A hammer of mass M strikes a nail of mass m with velocity of u m/s and drives it 'a' metres into fixed
block of wood. The average resistance of the wood to the penetration of nail is
Answers
Answer: [M²u² / {2a(M+m)}]
Explanation:
Given data:
The mass of hammer = M
The mass of nail = m
The initial velocity of hammer = u m/s
Distance = a meters
To find: the average resistance of wood to the penetration of the nail
Solution:
Step 1:
As the hammer strikes the nail, the collision between them can be considered as inelastic.
Let the initial velocity of nail be "v".
After the collision, the velocity becomes,
v = [(M*u)+(m*0)] / [M+m]
⇒ v = [M*u] / [M+m]
Step 2:
The final kinetic energy after the collision
= ½ * [M+m] * [(M*u)/(M+m)]²
= [(Mu)²] / [2*(M+m)]
Since after the penetration, the nail and hammer will come to rest, therefore, so, their K.E. will become zero.

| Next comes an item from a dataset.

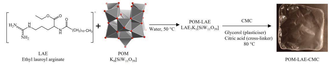 Widespread use of plastics poses a serious environmental hazard to our planet and should be substituted by eco-friendly and biodegradable alternatives, simultaneously reducing waste of perishable food products and the risk of transmission of pathogenic microbes. In our study, we describe how the water solubility of the antimicrobial surfactant ethyl lauroyl arginate (LAE) can be reduced through complexation with a Keggin-type polyoxometalate (POM), K8[SiW11O39]. The POM-LAE complex, LAE7K[SiW11O39], was effective against Listeria monocytogenes (L. monocytogenes) and Escherichia coli (E. coli) with minimal inhibitory concentrations (MICs) of 32 and 64 μg/mL, respectively, with the important finding that the concentrations of LAE required to inhibit bacterial growth were as much as two times lower in the POM-LAE complex, compared with LAE on its own. In addition, our results demonstrate that POM-LAE is both an effective inhibitor of biofilm formation and is also able to destroy pre-formed biofilms of L. monocytogenes and E. coli at MIC concentrations. Further, POM-LAE was incorporated into carboxymethyl cellulose (CMC) films that were able to reduce 7–8 log (CFU/mL) of L. monocytogenes at concentrations of 5–10% POM-LAE. In vivo assays of the POM-LAE-CMC films with cured ham prevented initialk bacterial growth with a 0.77 log significative reduction in bacterial counts. Overall, this work provides new alternatives for the development of antimicrobial biodegradable films for ready-to-eat (RTE) foods prone to contamination with pathogenic bacteria, such as L. monocytogenes, while also circumventing practical issues related to the incorporation of LAE into active packaging films.

∴ Work done, W = ∆K = Kf – Ki = [(Mu)²] / [2*(M+m)] …. (i)
Step 3:
Let’s assume the average resistive force of the wood while penetrating be constant and denoted as “f”.
So,
Work done by the force = resistive force * distance = f * a …. (ii)
From (i) & (ii), we get
f * a = [(Mu)²]/[2*(M+m)]
⇒ f = [M²/(M+m)] * [u²/2a]
Thus, the average resistance of the wood to the penetration of nail is [M²u²/{2a(M+m)}].